Leave out the pictures. Return every record otherwise untouched.
[RECORDS FOR THE TASK — start]
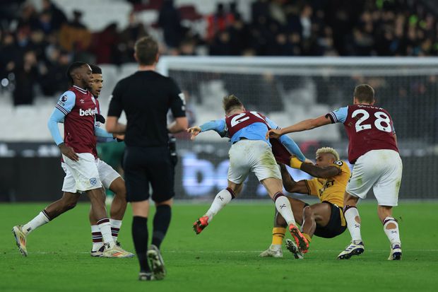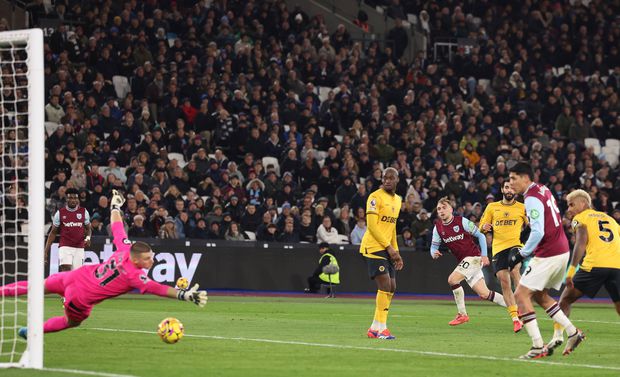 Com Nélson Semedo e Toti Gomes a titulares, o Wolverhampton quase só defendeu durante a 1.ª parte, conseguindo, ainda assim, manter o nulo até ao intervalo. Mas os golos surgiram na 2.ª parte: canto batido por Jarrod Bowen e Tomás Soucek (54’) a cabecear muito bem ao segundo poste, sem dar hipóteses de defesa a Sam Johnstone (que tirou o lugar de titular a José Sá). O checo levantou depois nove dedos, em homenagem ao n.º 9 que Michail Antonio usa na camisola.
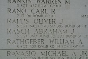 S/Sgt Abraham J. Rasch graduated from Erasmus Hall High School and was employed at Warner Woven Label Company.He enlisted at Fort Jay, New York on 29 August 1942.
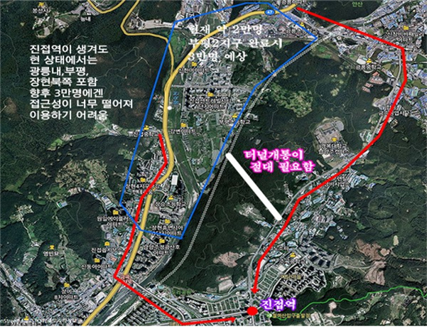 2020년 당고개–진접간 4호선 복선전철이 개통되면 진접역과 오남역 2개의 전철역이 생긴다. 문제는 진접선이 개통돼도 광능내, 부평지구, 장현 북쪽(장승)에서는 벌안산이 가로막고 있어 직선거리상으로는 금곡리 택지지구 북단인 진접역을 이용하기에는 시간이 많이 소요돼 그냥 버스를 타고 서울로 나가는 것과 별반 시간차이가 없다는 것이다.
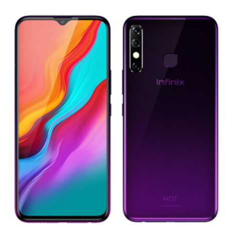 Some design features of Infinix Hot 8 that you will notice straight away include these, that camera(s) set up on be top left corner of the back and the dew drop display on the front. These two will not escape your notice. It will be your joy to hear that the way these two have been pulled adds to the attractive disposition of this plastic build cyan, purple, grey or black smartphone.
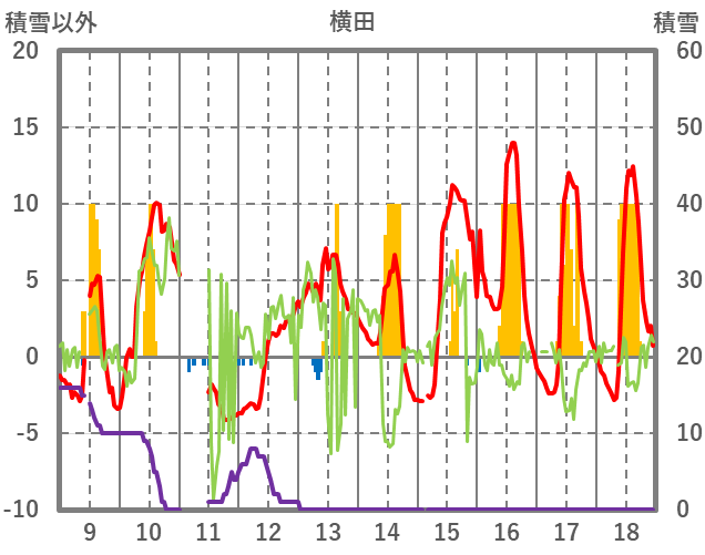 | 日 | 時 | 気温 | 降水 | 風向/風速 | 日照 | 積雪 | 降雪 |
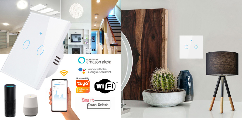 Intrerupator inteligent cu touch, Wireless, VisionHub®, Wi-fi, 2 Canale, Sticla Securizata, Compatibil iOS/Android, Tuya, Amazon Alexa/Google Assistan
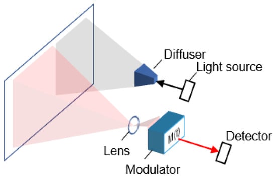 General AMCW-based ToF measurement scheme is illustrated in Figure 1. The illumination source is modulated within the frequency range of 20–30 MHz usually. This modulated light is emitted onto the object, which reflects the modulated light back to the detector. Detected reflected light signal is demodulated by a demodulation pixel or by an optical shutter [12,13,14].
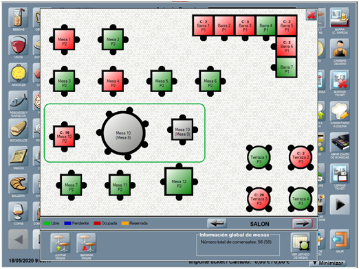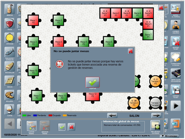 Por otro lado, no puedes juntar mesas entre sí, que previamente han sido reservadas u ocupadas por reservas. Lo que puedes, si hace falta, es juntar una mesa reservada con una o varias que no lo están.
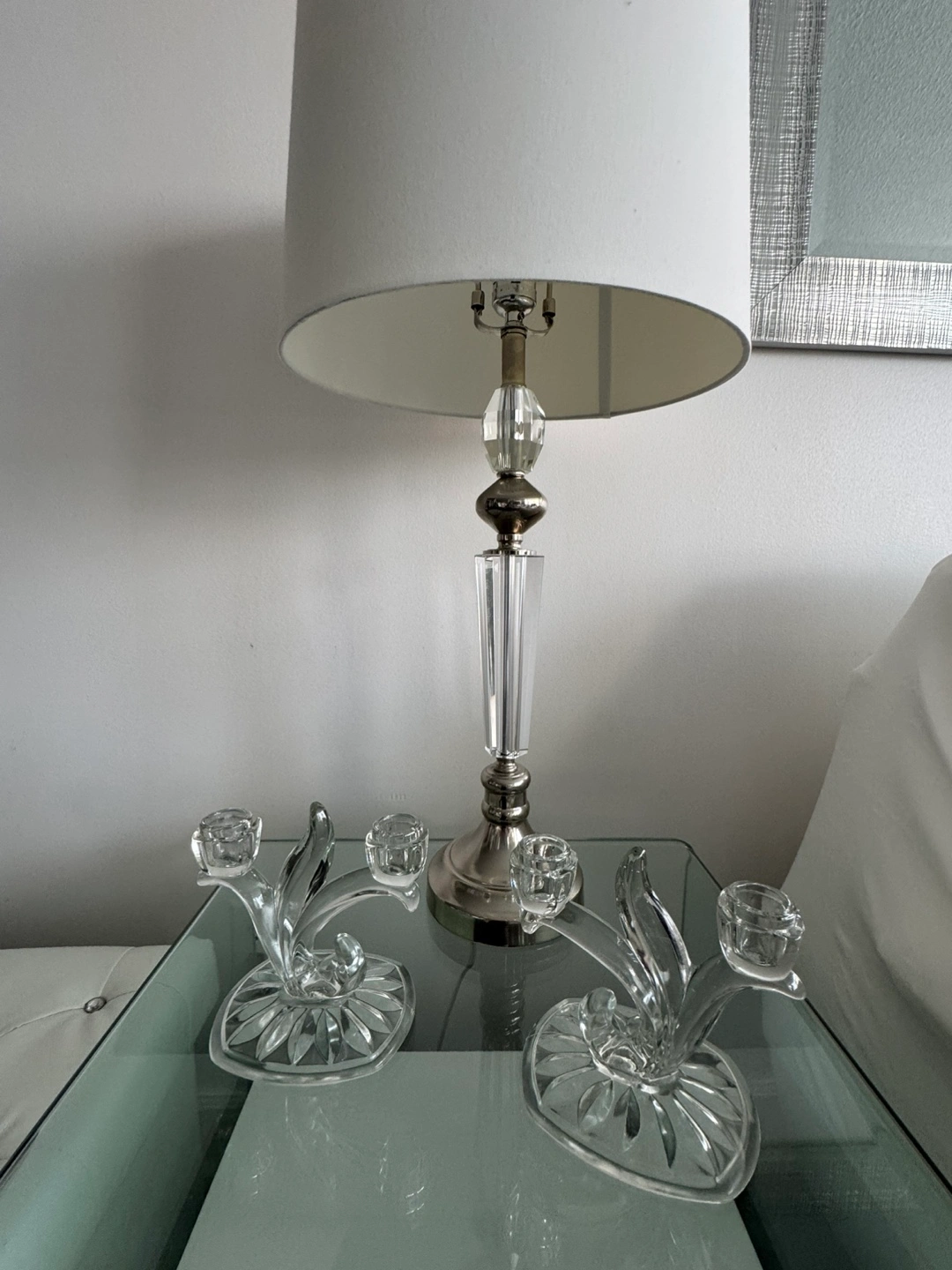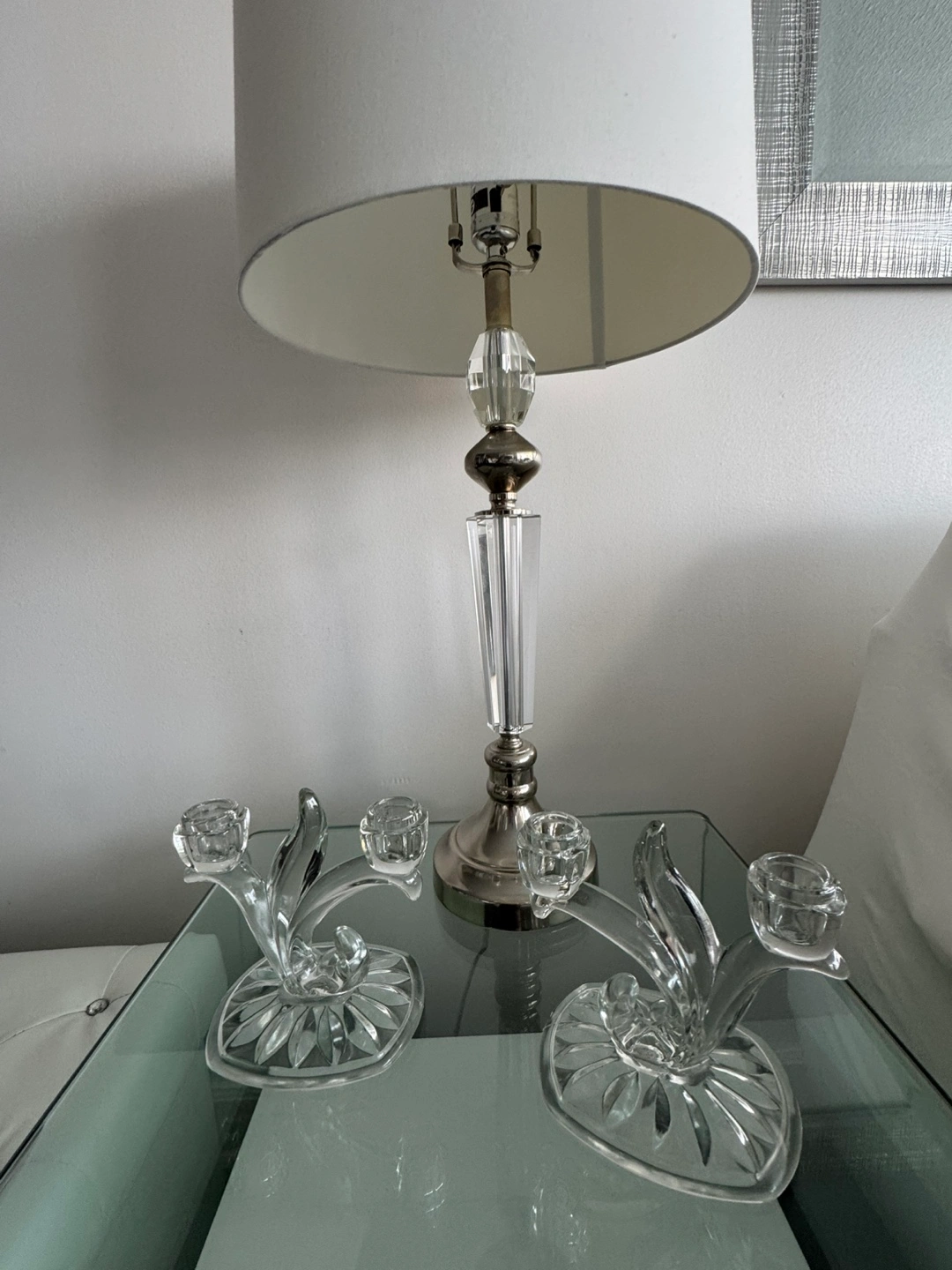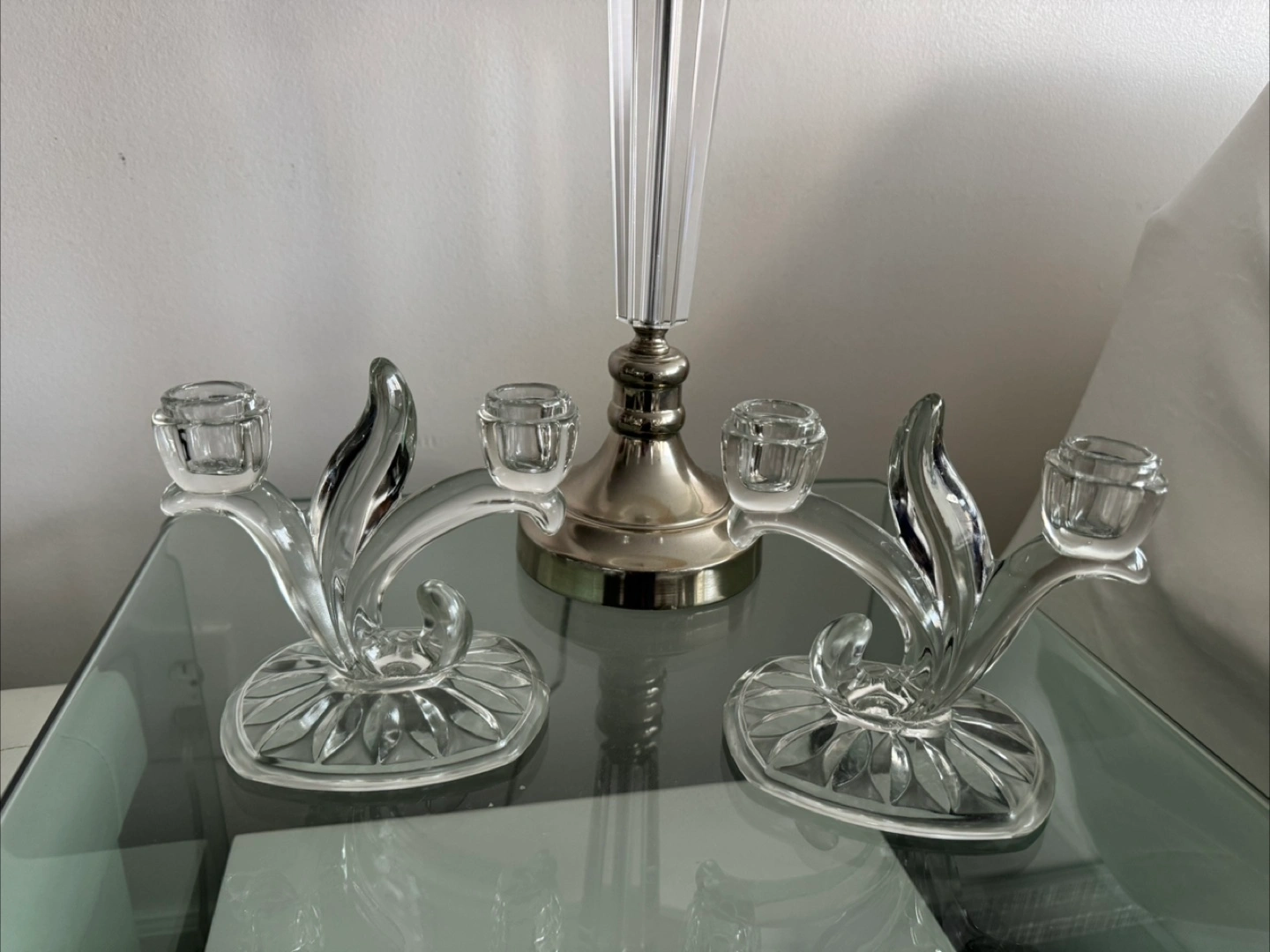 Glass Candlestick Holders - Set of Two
[RECORDS FOR THE TASK — finish]
#### SOLUTION TO THIS PROBLEM:
 Com Nélson Semedo e Toti Gomes a titulares, o Wolverhampton quase só defendeu durante a 1.ª parte, conseguindo, ainda assim, manter o nulo até ao intervalo. Mas os golos surgiram na 2.ª parte: canto batido por Jarrod Bowen e Tomás Soucek (54’) a cabecear muito bem ao segundo poste, sem dar hipóteses de defesa a Sam Johnstone (que tirou o lugar de titular a José Sá). O checo levantou depois nove dedos, em homenagem ao n.º 9 que Michail Antonio usa na camisola.
 S/Sgt Abraham J. Rasch graduated from Erasmus Hall High School and was employed at Warner Woven Label Company.He enlisted at Fort Jay, New York on 29 August 1942.
 2020년 당고개–진접간 4호선 복선전철이 개통되면 진접역과 오남역 2개의 전철역이 생긴다. 문제는 진접선이 개통돼도 광능내, 부평지구, 장현 북쪽(장승)에서는 벌안산이 가로막고 있어 직선거리상으로는 금곡리 택지지구 북단인 진접역을 이용하기에는 시간이 많이 소요돼 그냥 버스를 타고 서울로 나가는 것과 별반 시간차이가 없다는 것이다.
 Some design features of Infinix Hot 8 that you will notice straight away include these, that camera(s) set up on be top left corner of the back and the dew drop display on the front. These two will not escape your notice. It will be your joy to hear that the way these two have been pulled adds to the attractive disposition of this plastic build cyan, purple, grey or black smartphone.
 | 日 | 時 | 気温 | 降水 | 風向/風速 | 日照 | 積雪 | 降雪 |
 Intrerupator inteligent cu touch, Wireless, VisionHub®, Wi-fi, 2 Canale, Sticla Securizata, Compatibil iOS/Android, Tuya, Amazon Alexa/Google Assistan
 General AMCW-based ToF measurement scheme is illustrated in Figure 1. The illumination source is modulated within the frequency range of 20–30 MHz usually. This modulated light is emitted onto the object, which reflects the modulated light back to the detector. Detected reflected light signal is demodulated by a demodulation pixel or by an optical shutter [12,13,14].
 Por otro lado, no puedes juntar mesas entre sí, que previamente han sido reservadas u ocupadas por reservas. Lo que puedes, si hace falta, es juntar una mesa reservada con una o varias que no lo están.
 Glass Candlestick Holders - Set of Two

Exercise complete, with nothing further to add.